Aylarca, günlerce sayfaları arasına edebî yazılarla duygu dizelediği kitap için eline verilen para, bir yazar için akşam güneşidir. Yani yazmış olduğu kitabı imzalayıp parasını almak eserin sahibini bir hayli üzer. Bunu kendimden biliyorum. Şu an yazarken dahi “ Ne korkunç! “ diyorum.

Duygusal açıdan böyle ağır yükler yüklenmemeli yazan kişilere. Kitabın sahibi maddi yönden hiçbir işle ilgilenmemeli. Zaten yazan kişide ticaret kafası yoktur. Olmaz… Onlar anlamazlar o işlerden… Onlarda öyle bir şey olsa gidip yayınevi kurar bu işin ticaretini de yüklenirler.

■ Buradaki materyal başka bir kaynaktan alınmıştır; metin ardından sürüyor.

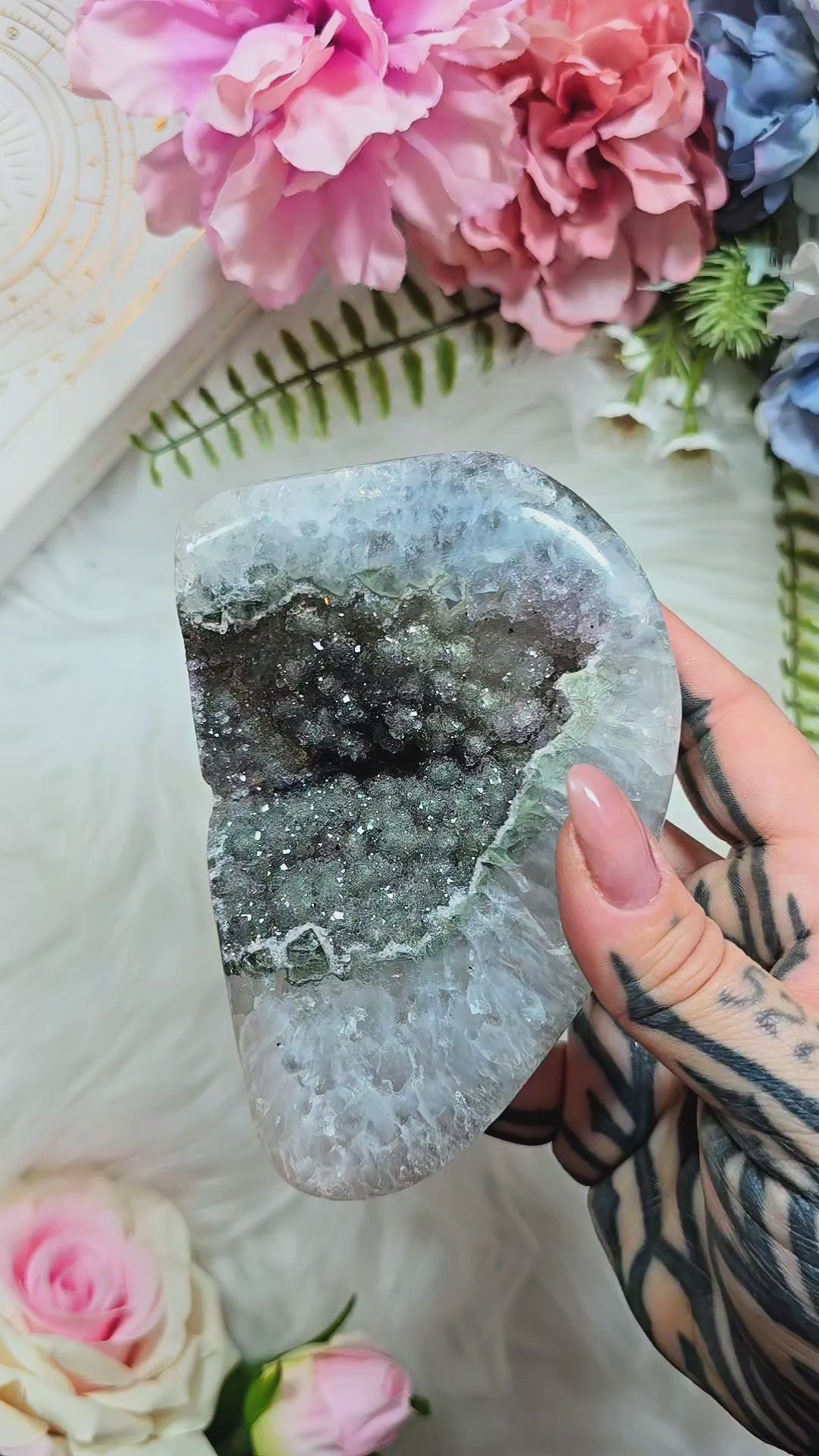 Elevate your home décor with a one-of-a-kind natural treasure: this Rainbow Amethyst piece from Uruguay — elegantly mounted on a stand — blends raw geological beauty with refined presentation. Perfect for collectors, interior lovers, and crystal enthusiasts alike.

Rahmetli babam, mekânı cennet olsun, ticarette zehir gibiydi.  “ Boş işlerle uğraşıyorsun! “ diye çok uyardı beni. Gerçi şimdi aynısını ben de çocuklara söylüyorum. Söylüyorum ama ardı sıra da içten, içten seviniyorum. Çünkü benim gözümde gayretli çabalı bir kaybediş, mutlak bir kazanışın habercisidir.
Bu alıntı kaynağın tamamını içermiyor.